Look for information on credible web sites. If you find information that looks really good (such as a ‘cure’ for JIA) or information that is frightening to read, please share that information with your teenager’s health-care team. They can tell you whether or not the information is valid and if it applies to your teenager.
Write down your questions and any information that you find, so that you can review it with your teenager’s health-care team. Figure out a way to keep track of the information and appointments related to your teenager’s care. To help keep yourself on top of things, you might want to keep all this information in a binder. Having information available in an organized way will help cut down on your stress. It can help reduce the chaos that can be associated with chronic illness and ongoing treatment.
Take care of yourself
Most parents put their teenager’s needs and the needs of others well before their own. This is natural in times of crisis. However, you are important too.

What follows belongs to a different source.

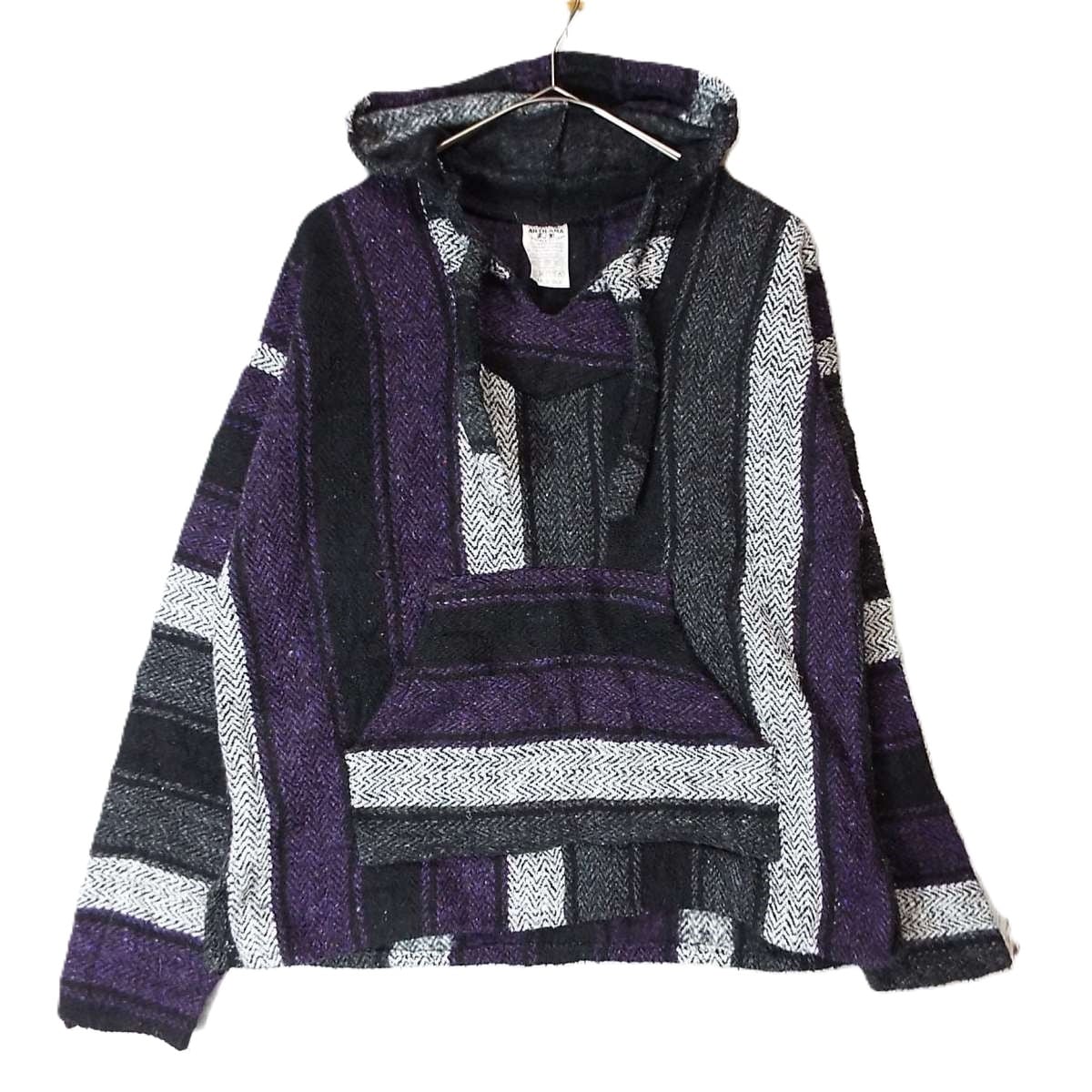 【肩幅54cm】本場メキシコ製 ARTILANA ネイティブ柄 太紐 厚手 カラフル メキシカンパーカー メキパ オーバージャケット Sサイズ マルチカラー【湘南倉庫】メンズ古着

Take care of your own physical, mental and spiritual needs. Not taking care of yourself can lead to physical and mental health problems. This can then make it harder for you to care for your teenager and for the rest of your family. This can have a negative effect on your teenager in the long run.
Teach your teenager the value of self-care by modelling it yourself. Remember, your teen looks to you as a role-model to learn how to take care of themselves.

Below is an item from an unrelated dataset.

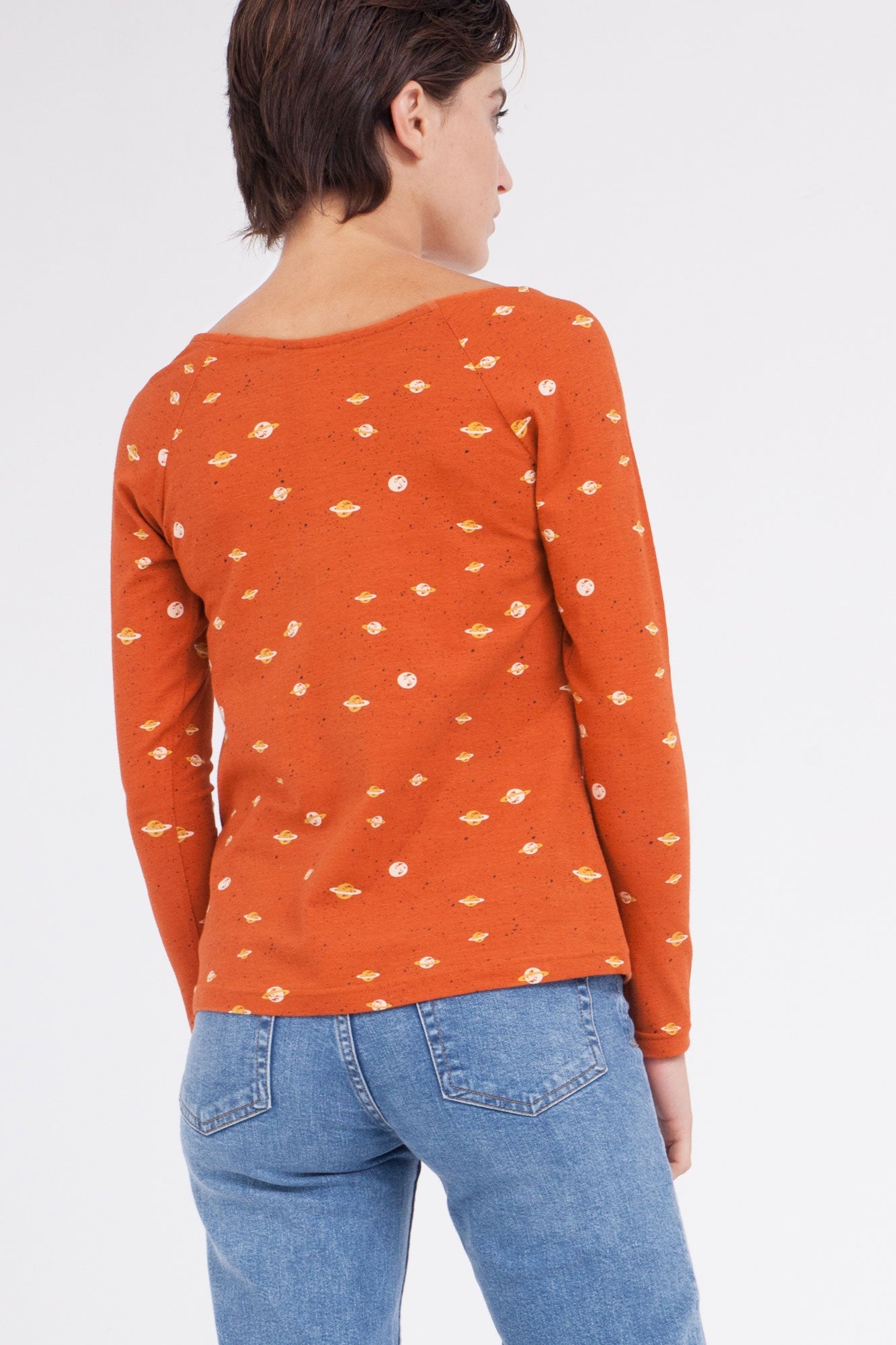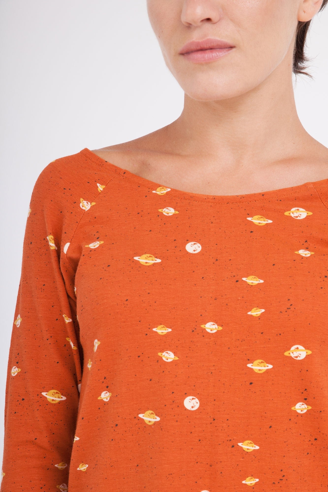 Claudia es una camiseta muy bonita y sensual. Tiene escote barco y manga ranglán. Al llevar el print de Saturno, hace que sea una pieza única y exclusiva. Ideal para llevar con unos jeans o falda. Ropa de mujer ecológica confeccionada en algodón orgánico GOTS de comercio justo.

If you are finding it impossible to meet both your needs and your family’s needs, find help. Talk to a close friend and accept offers of support. If needed, ask your doctor for a referral to a counsellor.
Remember: take care of yourself so that you can keep your teenager and family healthy!
Consider your parenting style
Many parents make some changes in the way that they parent their teenager with JIA. Some of these changes may lead to increased communication and support for the teenager. Other changes in parenting may not support the teenager’s ability to cope with JIA as well. For example, parents may lower their expectations of what their teenager can do. They may then have trouble encouraging better self-management in their teenager. Your teenager may take on an “I can’t” mentality. Parents can also feel guilty about the new demands that their teenager with JIA has in their life; they may make exceptions for things like chores in the house.
Consider the overall short- and long-term impact of JIA on your parenting style. For example, in the short term, if your teen is dealing with a flare, your parenting style may involve changing expectations for what your teenager can do that day. However, in the long term, you need to use your parenting style to show your teenager that you believe that they are capable of doing most things.
Think of what kind of adult you want your teenager to become. Keep that in mind as you consider your parenting style. Maintain consistency and communication. These are two important strategies for parenting a teenager with a chronic illness.
If you have concerns about your parenting style as it relates to your teenager’s JIA, speak to someone you trust. You can also ask your doctor to refer you to a counsellor.
Take it one day at a time
During a flare-up or times of stress, it is easy to feel overwhelmed. Take things one day at a time.
Focus on a manageable number of tasks, and get support from others.
Consider how you and others in your family cope with stress. Encourage everyone to manage their stress in healthy ways. Set an example for the rest of your family.
Remember you are not alone
Remember that you are not alone in this. Others have dealt with similar issues you are facing. They may be able to give you support and advice that can help.
Sometimes it is helpful to talk with another parent of a teenager with JIA. Ask your health-care team if you feel this will be helpful.
Accessing other resources
There may be other social support resources available in your area. Speak with your doctor or other members of your health-care team.